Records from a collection
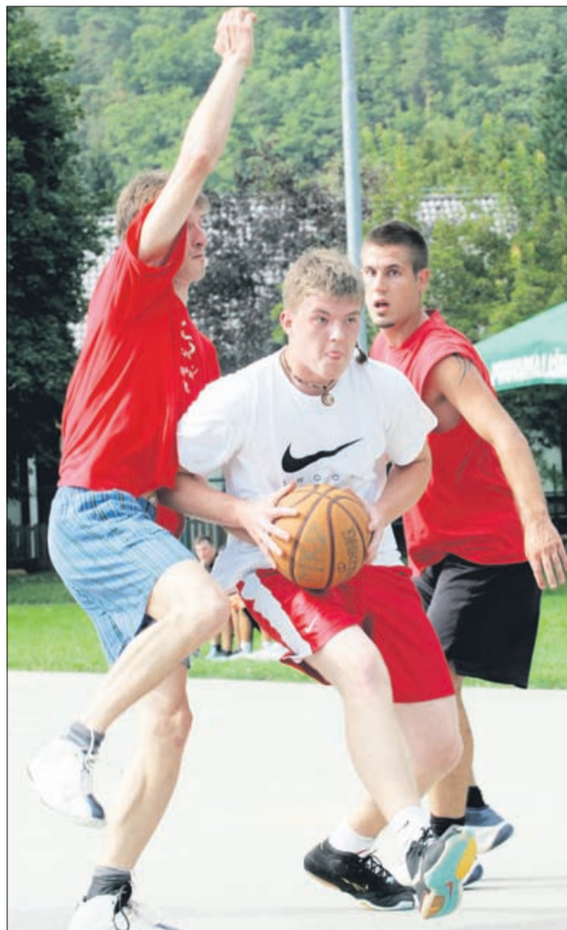
Zmagovalci košarke so bili fantje iz ekipe Duo mi trije, v nogometu pa je slavila Vigo avtovleka Sešl.
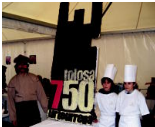
Urteurrena. Tolosaren 750. urteurrena gogoan izan zuten Gorrotxategikoeek, eta txokolatetzko bi metroko logoa egin zuten. J. ASTIBIA
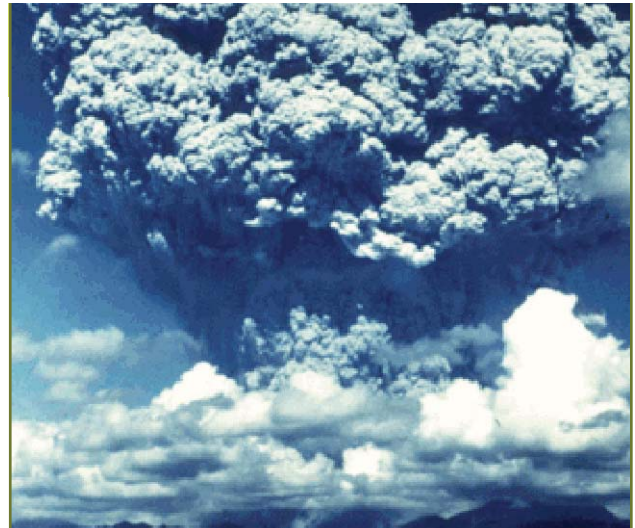
Fig 1: Uitstoot van de vulkaan Pinatubo op de Filippijnen (juni 1991)

Wetenschappers noemen dat fijn stof aerosolen. Naast dit directe effect te wijten aan de aanwezigheid van aerosolen in de atmosfeer, bestaat er ook een indirect effect. Wanneer deze kleine stofdeeltjes of aerosolen in de wol-
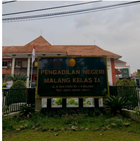
Gambar 1.1 Bagian Depan Pengadilan Negeri Kota Malang Kelas IA
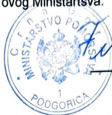
Filip Radulović MINISTAR

UPUSTVO O PRAVNOJ ZAŠTITI: Protiv ovog rješenja može se izjaviti žalba Agenciji za zaštitu ličnih podataka i slobodan pristup informacijama, u roku od 15 dana od dana dostavljanja rješenja, neposredno ili preko ovog Ministarstva.
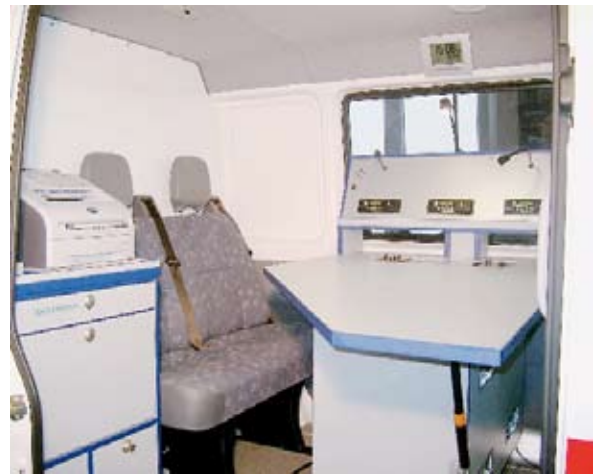
Abb. 2: Im Innern des ELW befindet sich der Funktisch mit drei Arbeitsplätzen

Am 20. Juli konnte der ELW vom Typ Mercedes-Benz Sprinter 313 cdi Allrad (95 kW/129 PS) an die Hilfsorganisationen übergeben werden. Der Malteser Hilfsdienst Freiburg ist der Halter des ELW, die SIGR bleibt Eigentümerin. Das Fahrzeug wurde durch die Firma
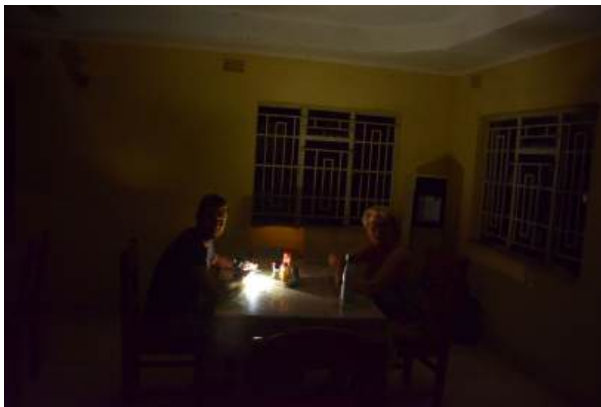
Geen stroom in Balaka.
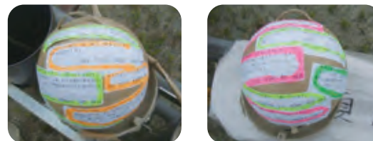
▲メッセージが貼られた「白菊」の花火玉

戦後70年の今年、鹿瀬会場では先人への感謝と恒久平和の願いを込めて、花火「白菊」が打上げられ、夏の夜空に白い大輪の花が咲きました。
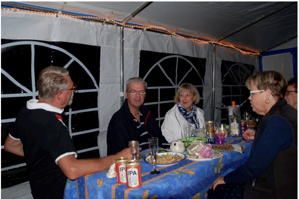
Vid 21.30-tiden var alla mätta och belåtna och det var dags att bryta upp
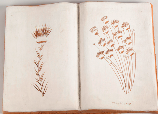
Libro aperto, 2004/2008, terracotta ingobbiata e incisa a mano

- _EXERCISE AIM_
Skip the pictures and quote each line of the entries above, from the first through the line with "Urteurrena. Tolosaren 750.", exactly as it appears.

- _RESULT OF THE TASK_
Zmagovalci košarke so bili fantje iz ekipe Duo mi trije, v nogometu pa je slavila Vigo avtovleka Sešl.
Urteurrena. Tolosaren 750. urteurrena gogoan izan zuten Gorrotxategikoeek, eta txokolatetzko bi metroko logoa egin zuten. J. ASTIBIA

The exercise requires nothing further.